• What to produce:
Further down are entries; set down exactly and only the lines from the one with "Um combo pensado" up to and including the one with "This is a white", dropping each picture.

• Working data:
○ ○ ○ ○ ○
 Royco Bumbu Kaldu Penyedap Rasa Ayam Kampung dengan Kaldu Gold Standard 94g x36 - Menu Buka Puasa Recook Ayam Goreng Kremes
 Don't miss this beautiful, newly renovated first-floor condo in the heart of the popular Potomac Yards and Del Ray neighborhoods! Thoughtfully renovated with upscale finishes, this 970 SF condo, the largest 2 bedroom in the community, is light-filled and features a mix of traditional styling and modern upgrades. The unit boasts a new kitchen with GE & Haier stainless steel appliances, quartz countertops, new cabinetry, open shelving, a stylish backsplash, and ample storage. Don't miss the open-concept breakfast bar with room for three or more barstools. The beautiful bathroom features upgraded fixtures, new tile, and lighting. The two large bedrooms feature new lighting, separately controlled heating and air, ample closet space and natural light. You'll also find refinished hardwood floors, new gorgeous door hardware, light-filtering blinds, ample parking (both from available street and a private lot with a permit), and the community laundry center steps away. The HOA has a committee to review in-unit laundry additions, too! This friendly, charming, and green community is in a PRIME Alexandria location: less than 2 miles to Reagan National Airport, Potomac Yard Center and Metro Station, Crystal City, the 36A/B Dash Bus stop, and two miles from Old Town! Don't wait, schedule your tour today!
○ ○ ○ ○ ○
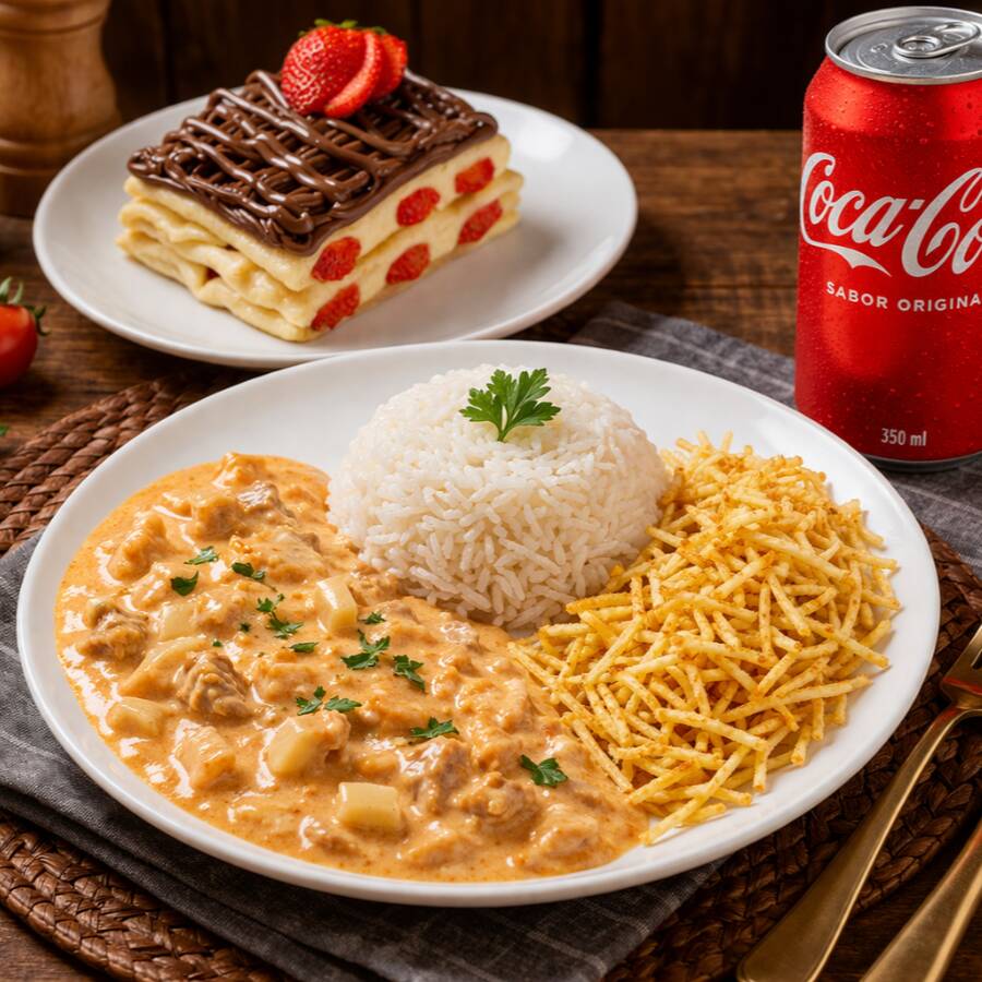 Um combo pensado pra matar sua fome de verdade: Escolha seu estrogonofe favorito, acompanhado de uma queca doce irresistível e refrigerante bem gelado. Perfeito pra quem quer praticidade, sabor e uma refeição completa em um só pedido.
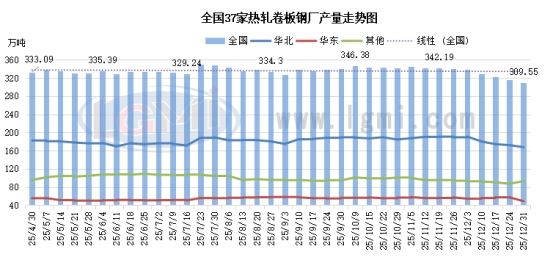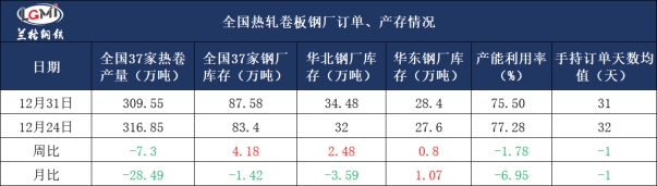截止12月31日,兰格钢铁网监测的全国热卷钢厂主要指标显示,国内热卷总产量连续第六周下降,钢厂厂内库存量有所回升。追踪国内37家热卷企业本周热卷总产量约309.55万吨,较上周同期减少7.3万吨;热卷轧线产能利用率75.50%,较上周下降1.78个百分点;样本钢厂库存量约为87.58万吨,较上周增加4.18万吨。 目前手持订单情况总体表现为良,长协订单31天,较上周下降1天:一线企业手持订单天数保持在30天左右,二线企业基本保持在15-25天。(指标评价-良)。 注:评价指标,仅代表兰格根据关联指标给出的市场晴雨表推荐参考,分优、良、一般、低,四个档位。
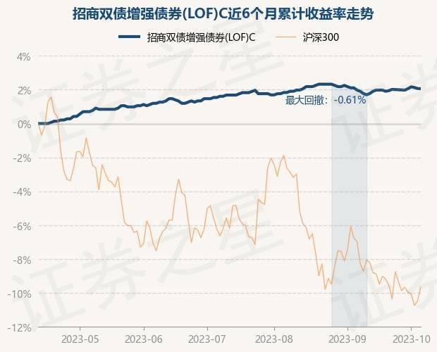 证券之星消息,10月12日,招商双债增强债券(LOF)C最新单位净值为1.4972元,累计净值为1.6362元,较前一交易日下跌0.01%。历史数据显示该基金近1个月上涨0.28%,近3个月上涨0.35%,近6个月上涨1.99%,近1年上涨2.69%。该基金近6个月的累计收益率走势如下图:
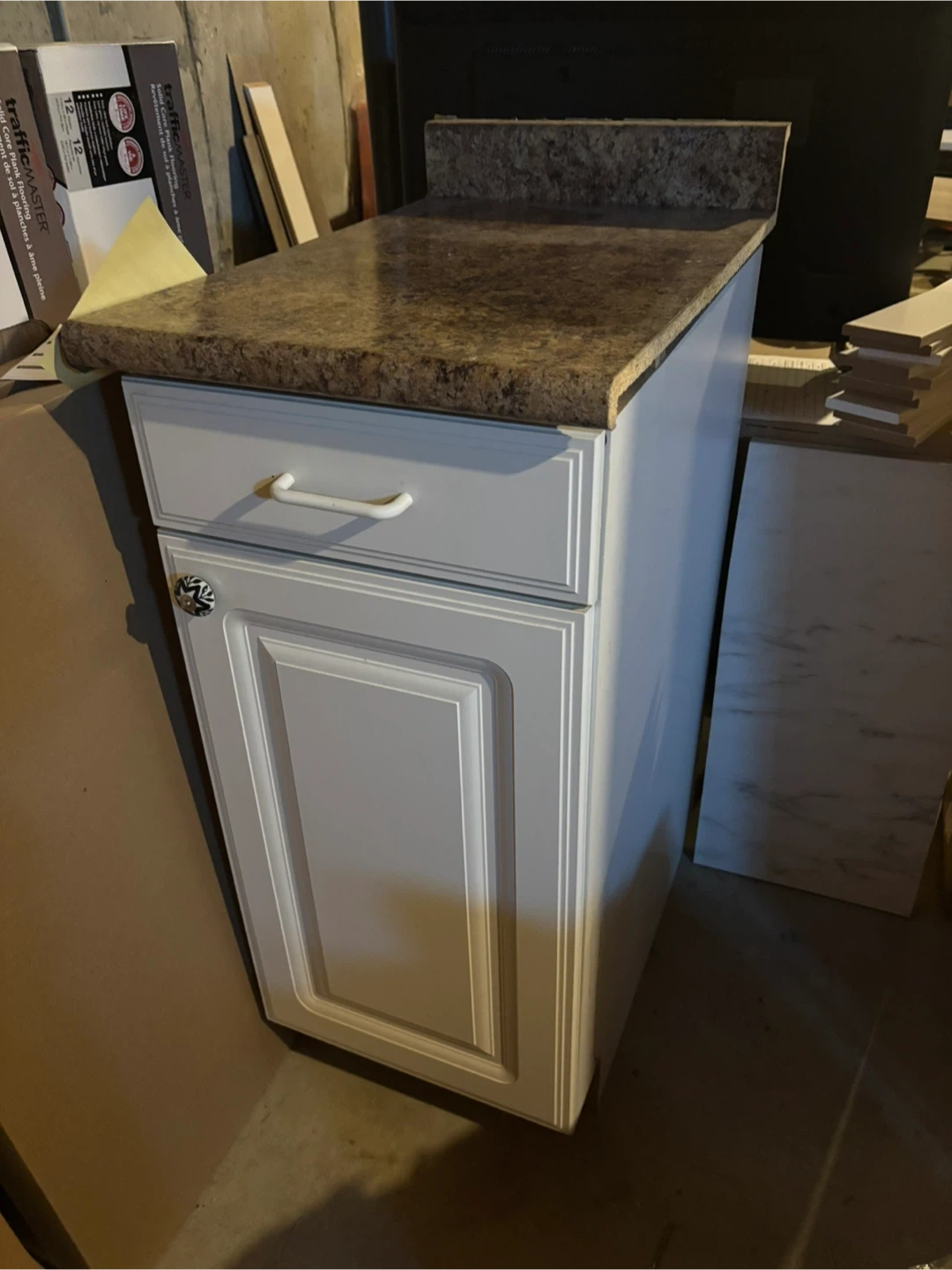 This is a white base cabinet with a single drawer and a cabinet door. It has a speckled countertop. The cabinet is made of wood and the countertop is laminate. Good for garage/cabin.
○ ○ ○ ○ ○
• Exercise answer:
 Um combo pensado pra matar sua fome de verdade: Escolha seu estrogonofe favorito, acompanhado de uma queca doce irresistível e refrigerante bem gelado. Perfeito pra quem quer praticidade, sabor e uma refeição completa em um só pedido.
截止12月31日,兰格钢铁网监测的全国热卷钢厂主要指标显示,国内热卷总产量连续第六周下降,钢厂厂内库存量有所回升。追踪国内37家热卷企业本周热卷总产量约309.55万吨,较上周同期减少7.3万吨;热卷轧线产能利用率75.50%,较上周下降1.78个百分点;样本钢厂库存量约为87.58万吨,较上周增加4.18万吨。 目前手持订单情况总体表现为良,长协订单31天,较上周下降1天:一线企业手持订单天数保持在30天左右,二线企业基本保持在15-25天。(指标评价-良)。 注:评价指标,仅代表兰格根据关联指标给出的市场晴雨表推荐参考,分优、良、一般、低,四个档位。
 证券之星消息,10月12日,招商双债增强债券(LOF)C最新单位净值为1.4972元,累计净值为1.6362元,较前一交易日下跌0.01%。历史数据显示该基金近1个月上涨0.28%,近3个月上涨0.35%,近6个月上涨1.99%,近1年上涨2.69%。该基金近6个月的累计收益率走势如下图:
 This is a white base cabinet with a single drawer and a cabinet door. It has a speckled countertop. The cabinet is made of wood and the countertop is laminate. Good for garage/cabin.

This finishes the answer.